Research Overview

A high-level overview of our research interests

Mark van der Wilk

List of Research Interests

Problems:

Finding invariance/equivariance, and Geometric Deep Learning
Causality, and connections to model selection
Out of distribution generalisation
Local learning rules
Decision making with limited data, and applications

Solutions:

Bayesian inference and approximations to it (variational, EP, MCMC, Stein, …)
Bayesian model selection & Neural architecture search
Gaussian process models (deep GPs, GPSSM, GPLVM, …), practical approximations to them, and their theoretical properties
Meta-learning
Continual learning
Bayesian optimisation & experiment design
Generative modelling, semi-supervised learning, self-supervised learning
Capsule networks
Model-based reinforcement learning
Connections between Bayesian inference and generalisation error bounds

High-level aims and approach

Our research aims to improve three broad properties of Machine Learning methods:

Data efficiency: Making better predictions with less data.
Automatic Machine Learning: Methods are too brittle, and require human design and oversight.
Uncertainty quantification and decision making: Uncertainty tells us when risks are worth taking.

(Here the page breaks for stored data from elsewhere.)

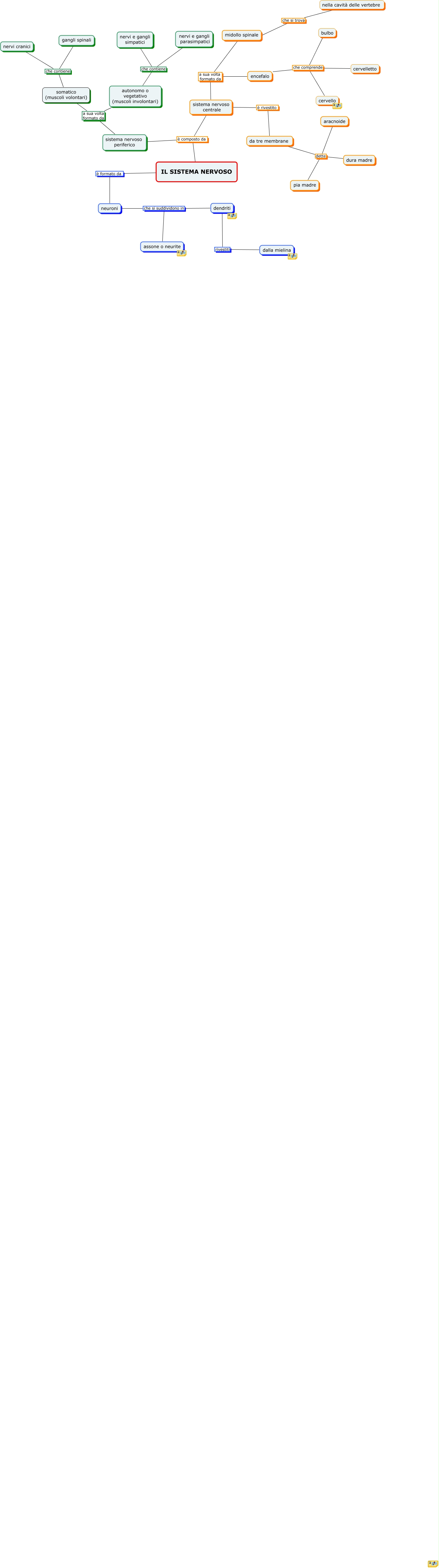 Questa Cmap, creata con IHMC CmapTools, contiene informazioni relative a: Il sistema nervoso, da tre membrane dette aracnoide, somatico (muscoli volontari) che contiene gangli spinali, cervelletto che comprende cervello, midollo spinale che si trova nella cavità delle vertebre, da tre membrane dette pia madre, IL SISTEMA NERVOSO è composto da sistema nervoso centrale, sistema nervoso centrale a sua volta formato da midollo spinale, cervelletto che comprende encefalo, dendriti rivestiti dalla mielina, cervelletto che comprende bulbo, sistema nervoso periferico a sua volta formato da somatico (muscoli volontari), autonomo o vegetativo (muscoli involontari) che contiene nervi e gangli simpatici, assone o neurite che si suddividono in dendriti, sistema nervoso periferico a sua volta formato da autonomo o vegetativo (muscoli involontari), IL SISTEMA NERVOSO è formato da neuroni, da tre membrane dette dura madre, somatico (muscoli volontari) che contiene nervi cranici, sistema nervoso centrale a sua volta formato da encefalo, IL SISTEMA NERVOSO è composto da sistema nervoso periferico, sistema nervoso centrale è rivestito da tre membrane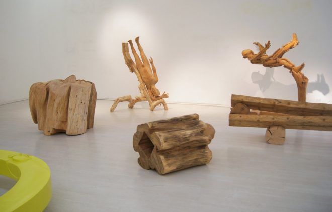 Si bien Osvaldo Peña trabajó con acero durante gran parte de su carrera, a finales de los años 90 enfrentó una crisis creativa que lo impulsó a explorar nuevas materialidades. “Gané una beca de la Fundación Andes y me fui a Chiloé, donde la madera es un elemento vital en la comunidad, presente en todo momento en su cotidianeidad. En ese entorno, me conecté con mis raíces y recuerdos de infancia. La madera se convirtió en mi elemento principal, ya que su color, textura y aromas son profundamente evocadores”, reflexiona.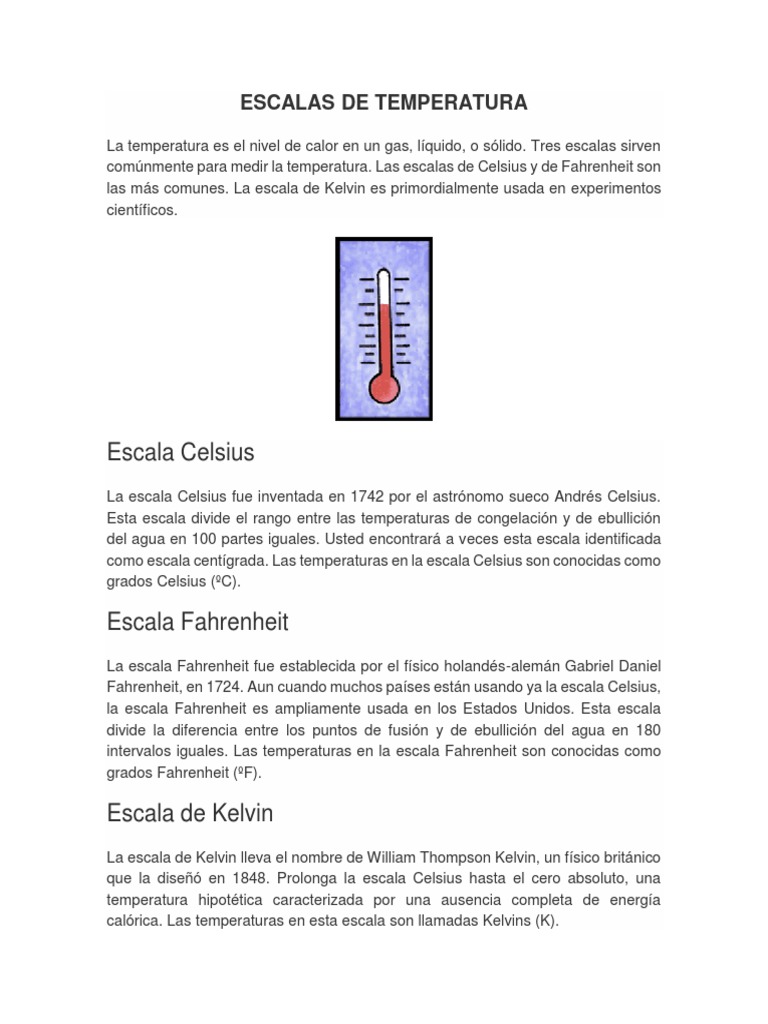 Tabla de escalas de celcius fahrenheit y kelvin - Brainly.lat

Improvements in these areas would benefit the full spectrum of applications: from tasks with small amounts of data where eliminating noise is important, to high-dimensional large-data settings where neural networks are applied to natural data like images.

Approaches from statistics can help to improve these three areas, e.g. Bayesian modelling. Bayesian modelling is well-known for helping with quantifying uncertainty. This is important for decision making, since risk needs to be taken into account. If a self-driving car is 5% sure the road ahead is blocked, it can slow down to gain more information, or perform evasive action. If a “best guess” is given of “not blocked”, the consequences can be catastrophic. Bayesian deep learning aims to get better uncertainty estimates, and we do work on this.

However, I’m more excited about an underappreciated ability of the Bayesian framework: automatic inductive bias selection. By developing this ability in neural networks, the design of network architecture could be automated. Deep learning would be much more practical if humans wouldn’t need to make a multitude of design choices, like how many layers are needed, how wide they should be, their convolutional structure, and so on. Currently, these choices are made by cross-validation, which is basically trial-and-error where different versions of the network are trained from scratch. The Bayesian approach provides a single objective function that can be optimised to find architecture and weights at the same time. The long-term goal for this line of research, is to be able to determine the connectivity structure of neurons (because this is what architecture is), in a single training run of the network. This would vastly simplify network design.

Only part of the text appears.